Figure 3. Altered expression of apoptotic proteins and oligomerization of Bak proteins

(A), Panc-1 cells were treated with YM155 for 48 h. Cell lysates were prepared for Western blotting to detect CIAP1/2, FLIP, survivin, Bcl-2, Mcl-1, Bak, and Bim expression. β-actin was used for an equal loading of protein. Band density was qualified by Image J software. Representative bands are shown and every experiment was repeated three times. (B), Cells were treated with YM155 (10 nM) or untreated for 48 h. Proteins were then cross-linked using DSS as described in ‘Materials and methods’. Bak protein was detected by Western blotting. A 26~28kDa band represents Bak monomers, and bands at 52~56 kDa detected represent Bak homodimers. (C), Panc-1 cells were treated with YM155 for 48 h. Cell lysates were prepared for non-reducing SDS-PAGE. Bak protein was detected by Western blotting. A 26~28 kDa band represents Bak monomers, and bands at 52~56 kDa detected represent Bak homodimers.

Figure 4. YM155 enhances gemcitabine-induced apoptosis in Panc-1 cells

(A), Cells grown in 96-well plate were treated with gemcitabine (4 mM) alone or in the presence or absence of YM155 (5 nM) for 24 h. Relative cell viability was measured via MTS assay (*P<0.05). (B), Cells were treated as in Figure 4A, and apoptosis was assessed by Hoechst 33258 staining. (C), Panc-1 cells grown in 6-well plate were either untreated (control) or treated with either: YM155 (5 nM), gemcitabine (4 mM), or a combination of YM155 (5 nM) with gemcitabine (4 mM) for 48 h. Cells were rinsed post treatment with fresh culture medium 3 times, cells were then cultured for another two weeks. Cell colony formation assays were performed with crystal violet staining.
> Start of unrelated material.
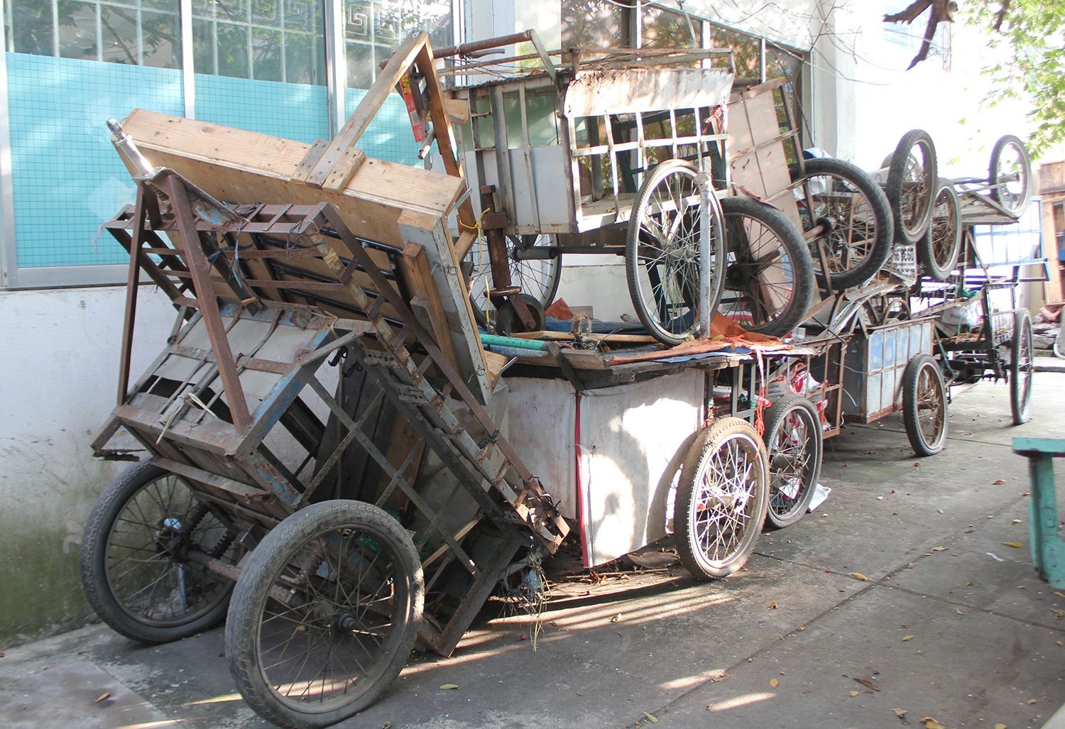 | Chỉ riêng trong 4 tháng cuối năm, hàng chục xe tự chế bị phường 7, quận 8 tịch thu. Số xe này đều không có người đến nhận và đang chờ thanh lý sắt vụn. Ảnh: Zen Nguyễn. |

Figure 5. YM155 has no apparent apoptotic cyto-toxicity to normal pancreas cells

(A), HPDE cells grown in 48-well plates were treated with YM155 (10 nM) for 48 h. Panc-1 cells treated under the same conditions were used as a positive control. Apoptosis was measured by Hoechst 33258 staining. (B), HPDE cells and Panc-1 cells (a positive control) grown in six-well plates were treated with YM155 for 48 h. Cell lysates were prepared for Western blotting to show Caspase 3 activation. β-actin were assessed as a control for equal protein loading.
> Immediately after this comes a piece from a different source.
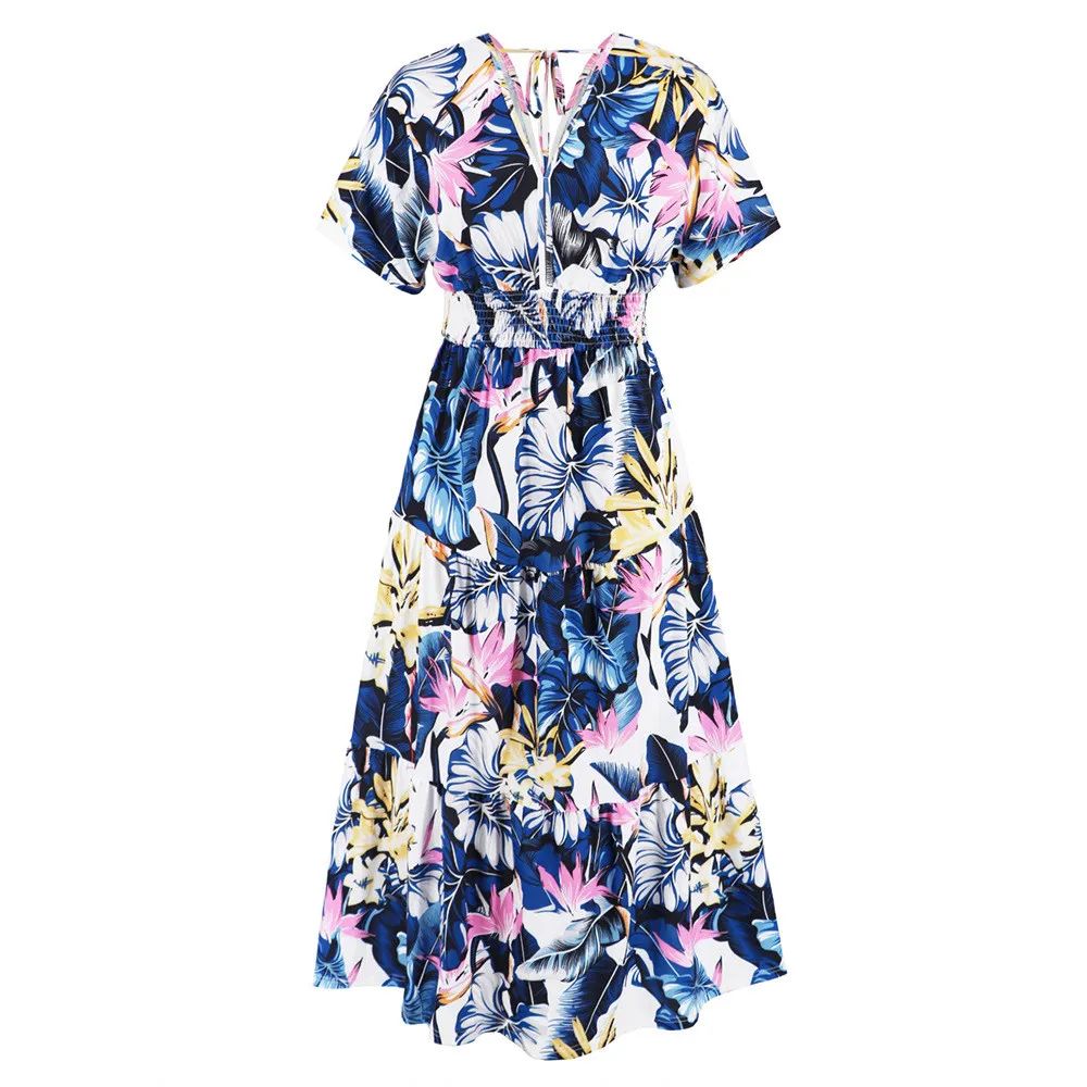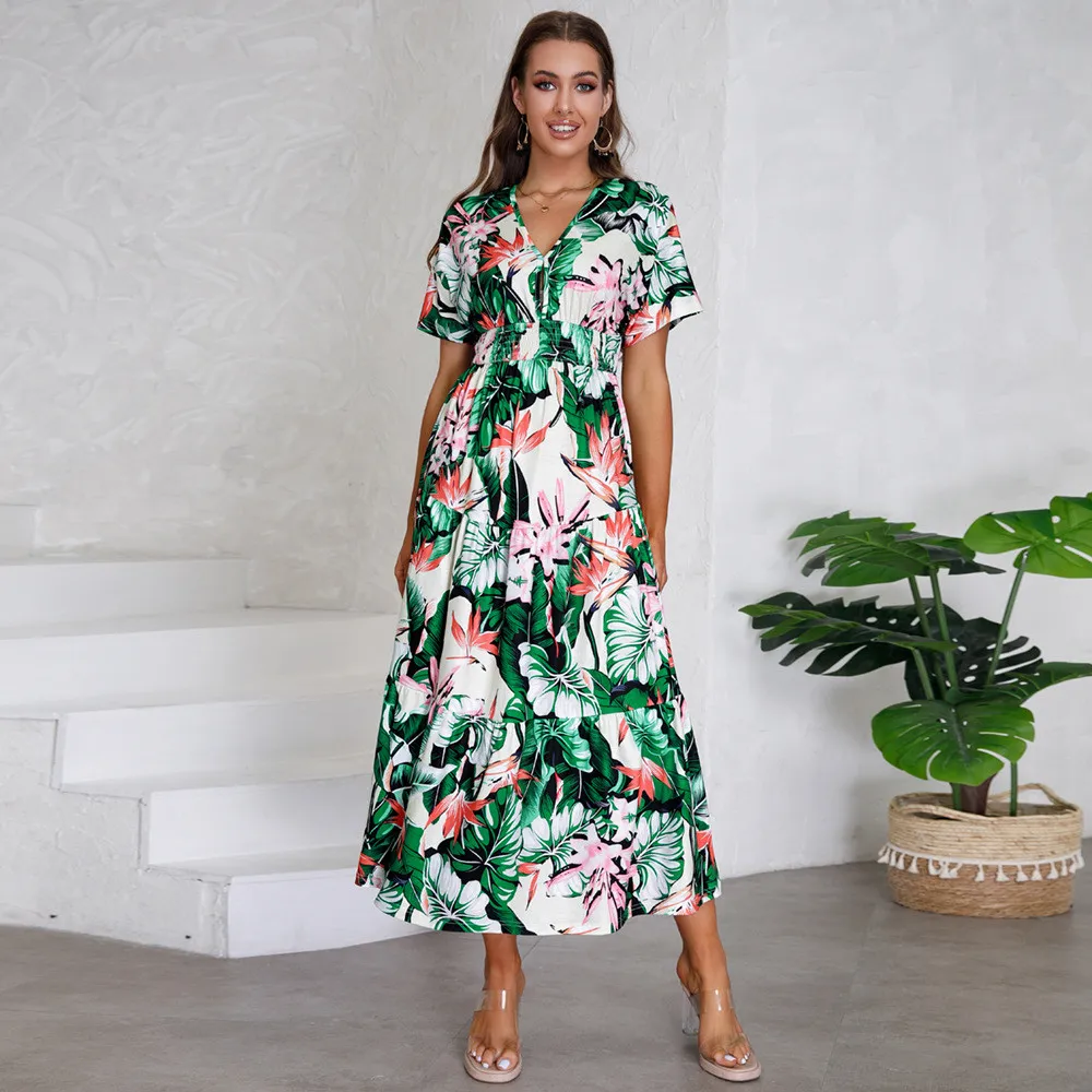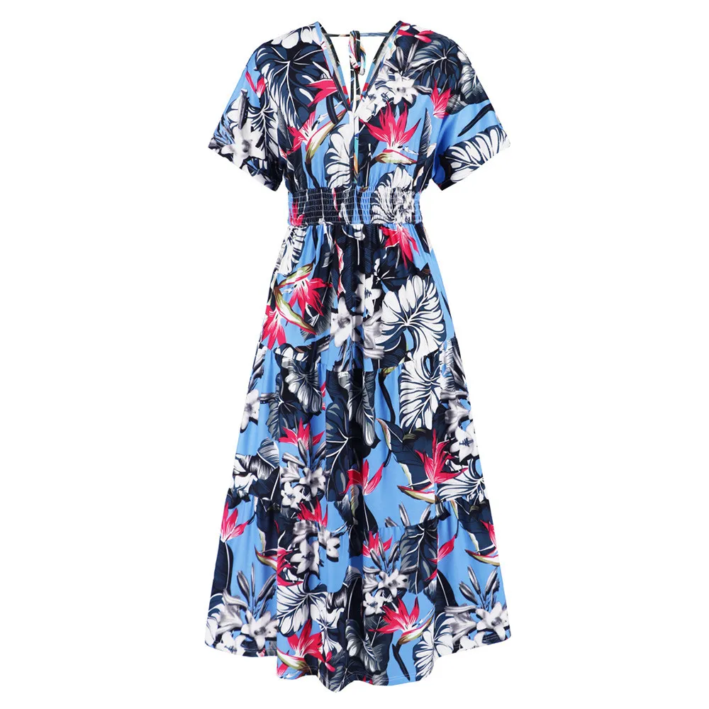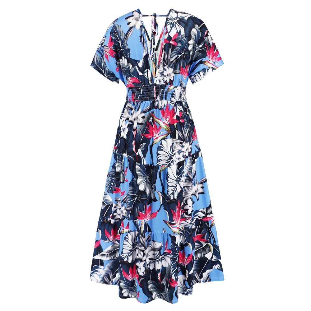 | Product Name | Women summer v-neck short-sleeved floral dress |

Figure 6. YM155 induces tumor growth inhibition in vivo

(A), BALB/c severe combined immunodeficiency (SCID) mice were inoculated subcutaneously with 5×10⁶ Panc-1 cells. The mice were treated with 10 mg/kg body weight of YM155 via tail vein injection until day 14. At the end point of the experiment, mice were euthanized and tumors were excised. Pictures of excised tumors from xenograft mice show larger tumors from untreated (control) mice and smaller tumors from YM155-treated mice. (B), The mass of tumors from the control group and the YM155-treated group were compared. Statistical analysis was performed to show inhibitory effects of YM155 on the mass of implanted tumors (*P<0.05). (C), Xenograft pancreatic tumors from untreated groups and YM155-treated groups were collected and lysates were prepared. Western blotting was performed to detect DR5 expression. β-actin were assessed as an equal protein loading control. The five pairs of tissues tested were randomly selected sample pairs, from untreated or YM155-treated tumor mice.